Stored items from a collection

"""

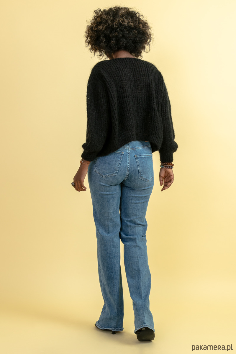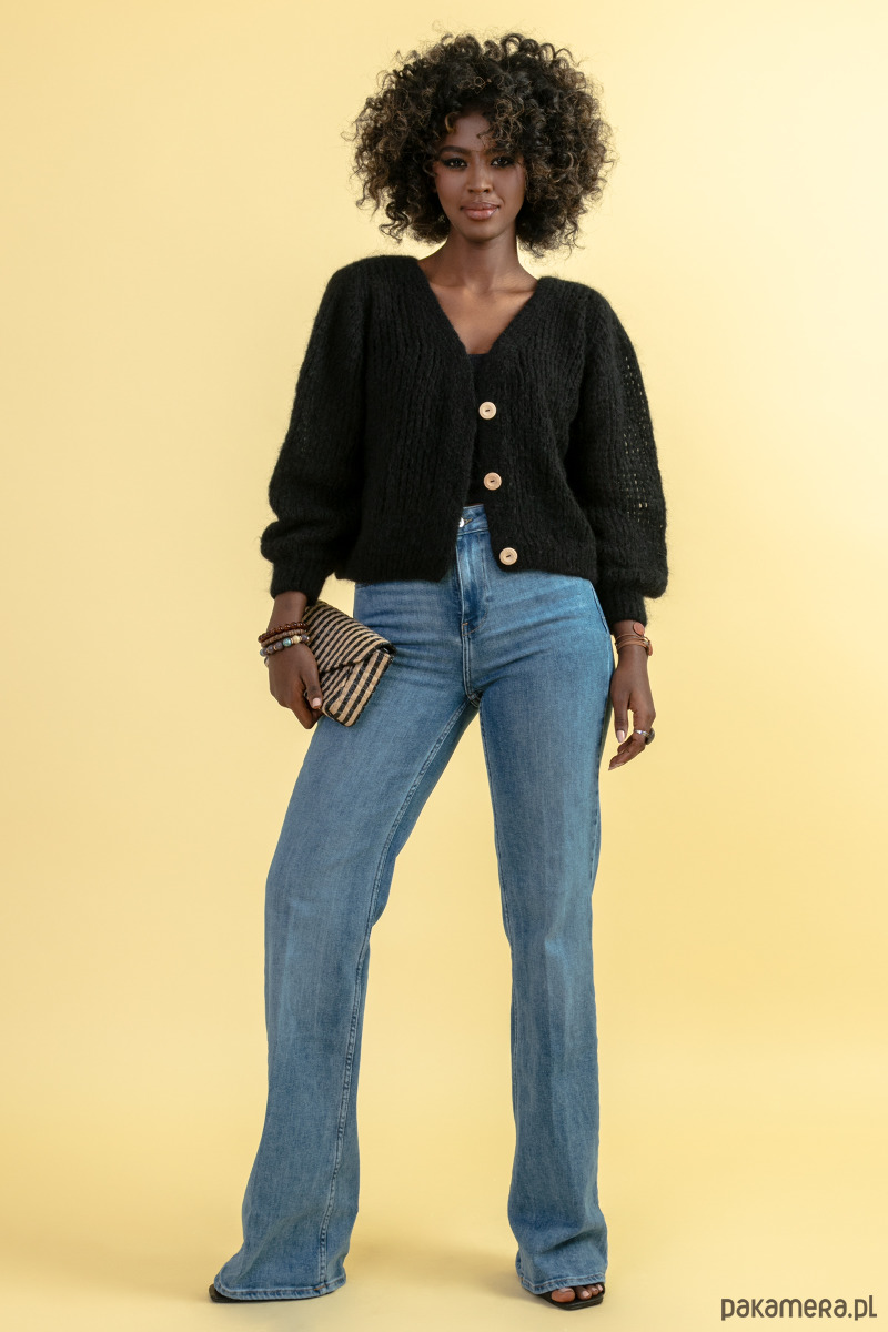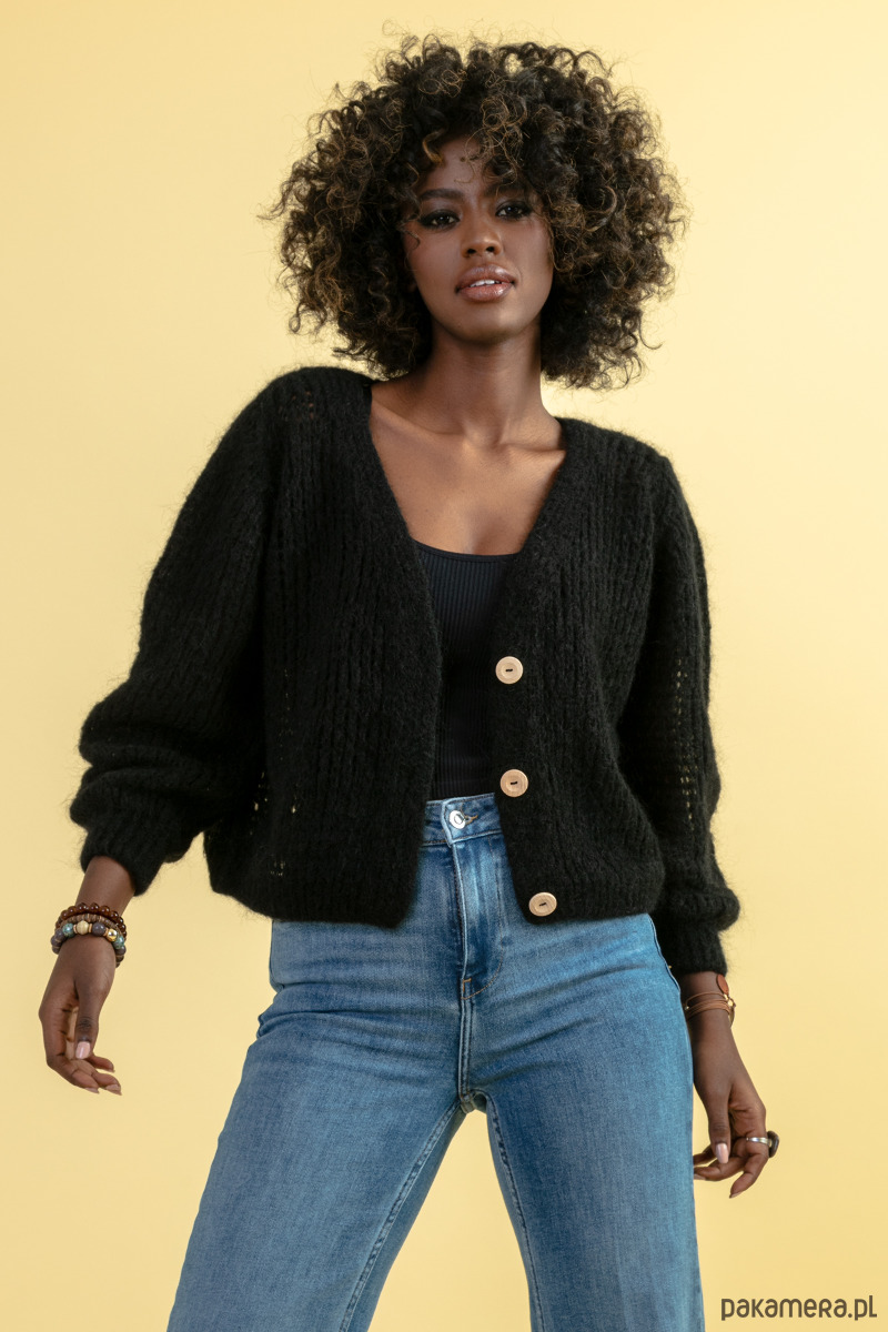 Zapinany krótki kardigan z wełny Merynosa w kolorze CZARNYM.
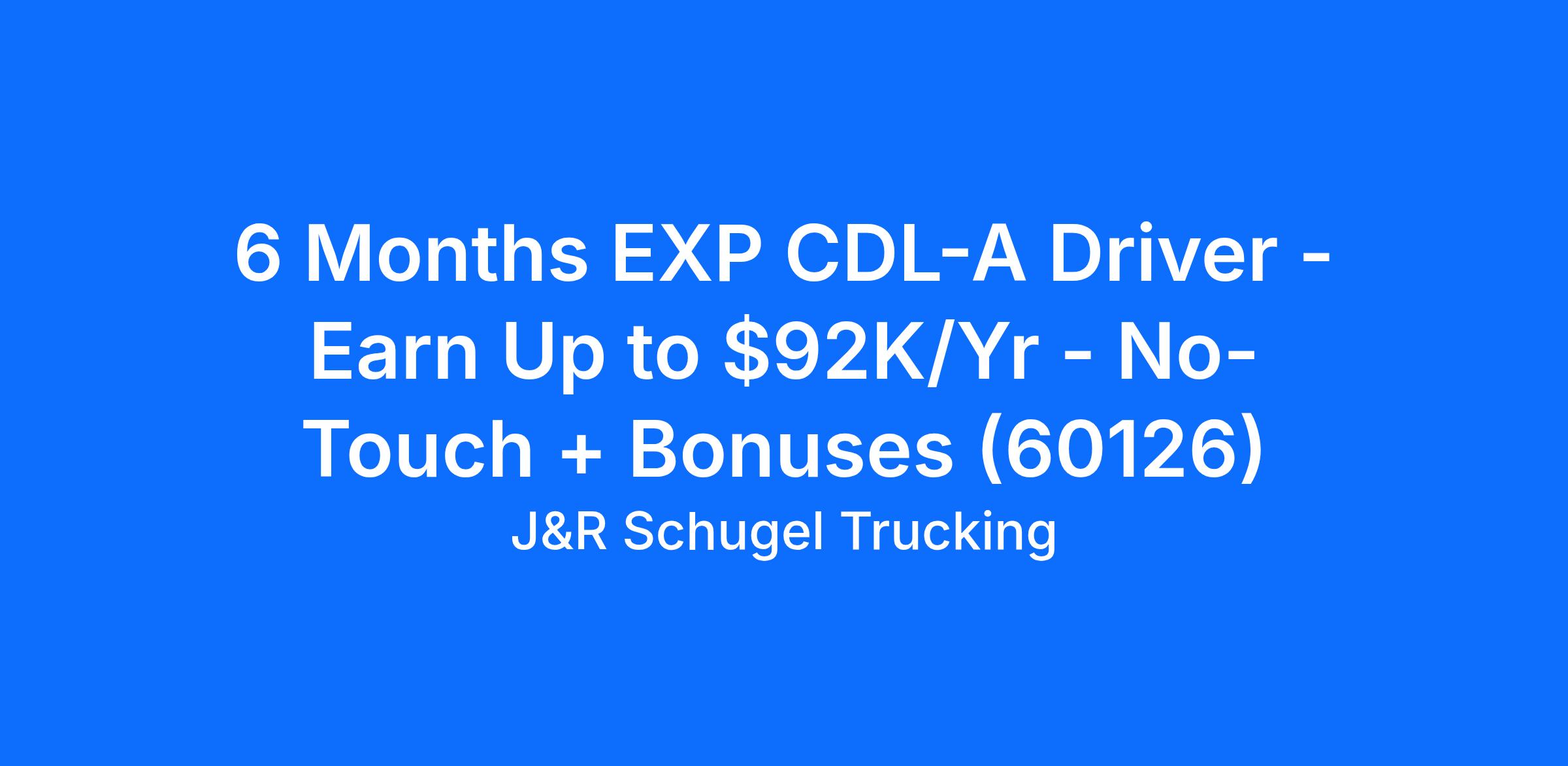 6 Months EXP CDL-A Driver - Earn Up to $92K/Yr - No-Touch + Bonuses (60126)
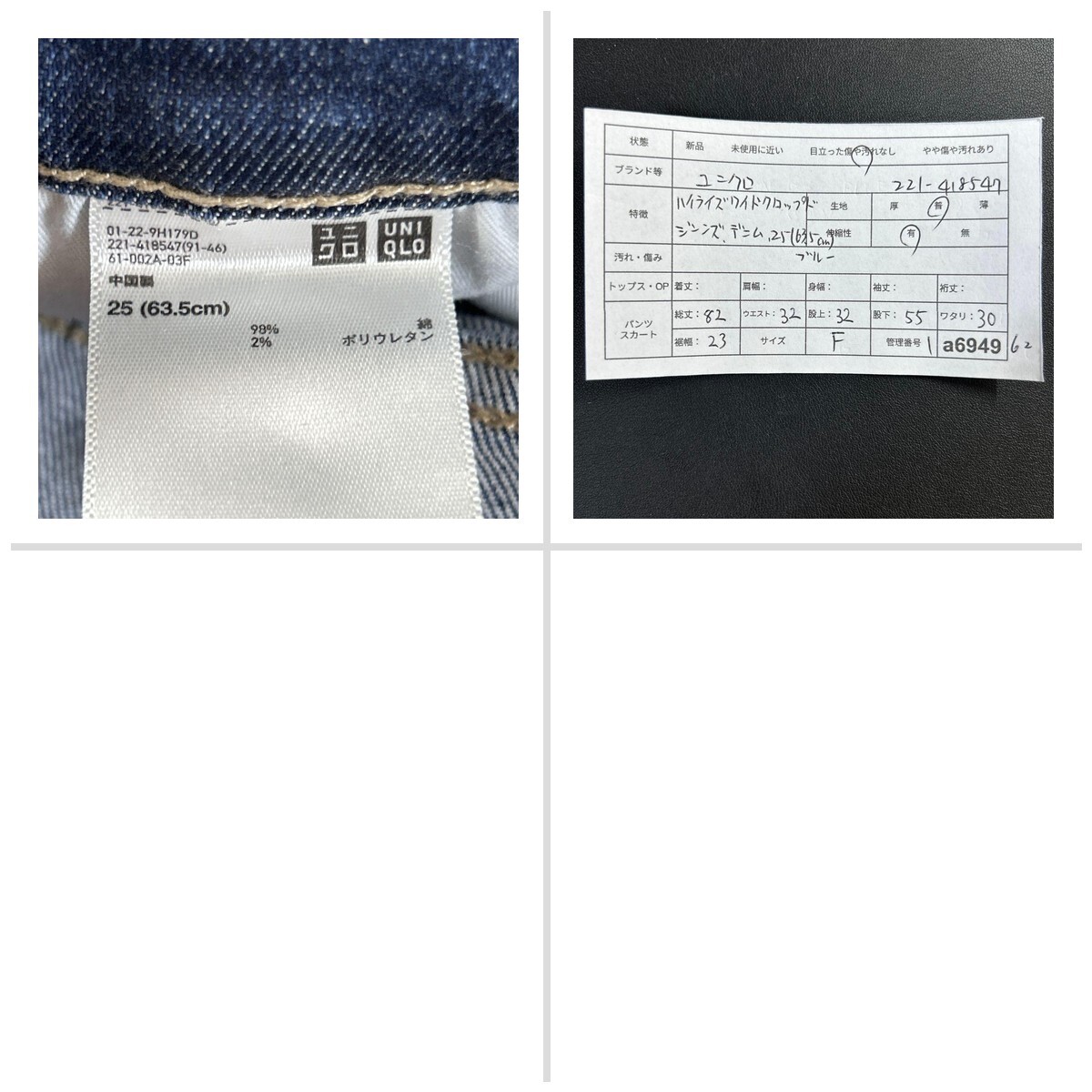 ユニクロ ハイライズワイドクロップドジーンズ デニム 25(63.5cm) 1E39B7
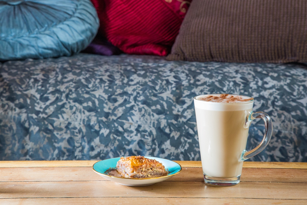 Best served with; Homemade Baklava – A baked filo treat layering pecans, almonds and light pastry, all fused together with honey. Flaky, and just like the chai, delicate.
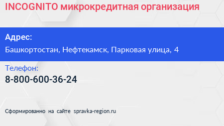 INCOGNITO, микрокредитная организация по адресу Башкортостан, Нефтекамск, Парковая улица, 4 в дальнейшем Организация, размещена в следующих категориях:
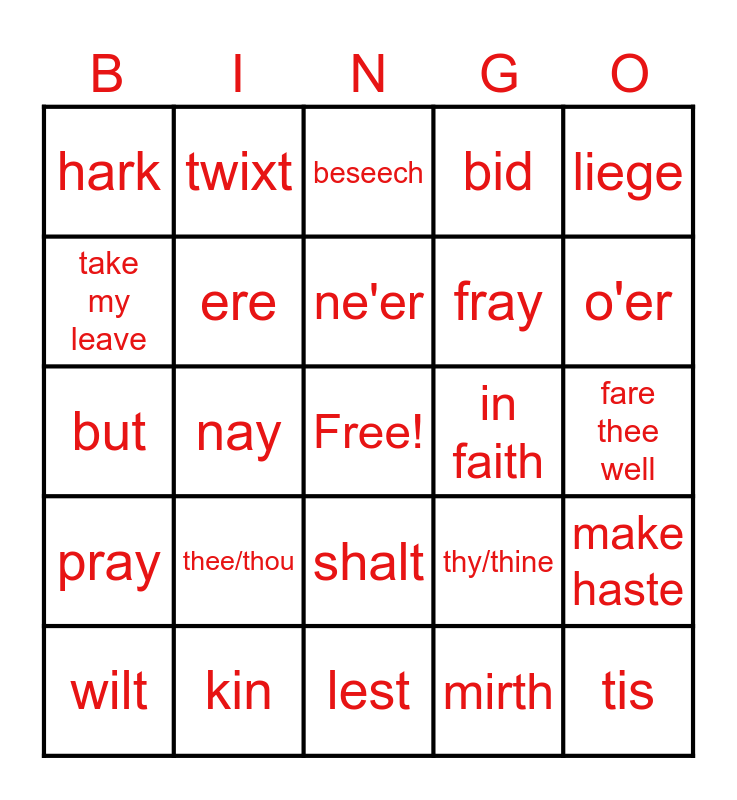 This bingo card has a free space and 55 words: alas, anon, ay, bid, make haste, dost thou, ere, fie, fray, whence, hark, doth, hence, hie, hither, hold, beseech, in faith, charge, pray, kin, lest, mirth, liege, naught, nay, ne'er, o', o'er, oft, alack, shalt, hath, forsworn, take my leave, thee/thou, thence, thy/thine, tis, twas, twixt, unhand me, wherefore, whither, wilt, yonder, upon my honour, withal, be not, but, but soft, by my troth, come hither, fare thee well and adieu.

"""

__ACTIVITY__: With the pictures removed, print only the lines starting at the line that has "ユニクロ ハイライズワイドクロップドジーンズ デニム 25(63.5cm) 1E39B7" and ending at the line that has "Best served with;", both ends included, exactly as they stand above.

__SOLUTION__:
 ユニクロ ハイライズワイドクロップドジーンズ デニム 25(63.5cm) 1E39B7
 Best served with; Homemade Baklava – A baked filo treat layering pecans, almonds and light pastry, all fused together with honey. Flaky, and just like the chai, delicate.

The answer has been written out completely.